12:49:28.611 [error] CRASH REPORT Process <0.838.0> with 0 neighbours exited with reason: #{'__exception__' => true,'__struct__' => 'Elixir.RuntimeError',message => <<"Unable to fetch metadata from any brokers.  Timeout is 3000.">>} in 'Elixir.KafkaEx.Server0P9P0':retrieve_metadata/6 line 394 in gen_server:init_it/6 line 352

As I cannot try/catch the create_worker, I guess because its a separate process via:

Supervisor.start_child(KafkaEx.Supervisor, [worker_init, name])

It all stems from this raise, which I guess is required to be a raise due to being within the init callstack?

raise "Unable to fetch metadata from any brokers.
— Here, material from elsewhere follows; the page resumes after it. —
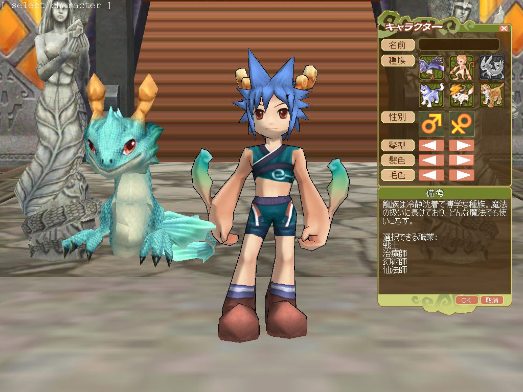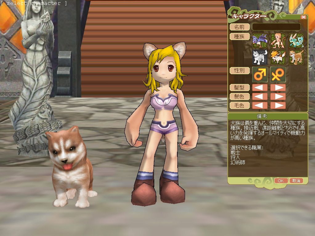プレイヤーキャラクターとして用意されているのは,一般的に知られる「木」「火」「土」「金」「水」の五行に「風」を加えた,6種類の属性に分かれた「獣」の種族で,それぞれ男女が選べる。五行といっても種族間に「相生」や「相克」といった関係が反映されているわけではなく,単にモチーフとして使われているだけのようだ。また,いずれの種族も外観および専用スキルに違いはあるが,今のところ能力自体に差異はなく,レベル5に達したときに転職できる職業が違うだけである。

Timeout is #{sync_timeout}."

@joshuawscott
Copy link
Member

I've wrestled with how to solve this a few times.

  1. Should the library handle this better?

I believe the library handles this appropriately because catching the error and not crashing would introduce problems with applications that rely on kafka for their basic function. Put another way: how would kafka_ex tell the application that it lost the kafka connection?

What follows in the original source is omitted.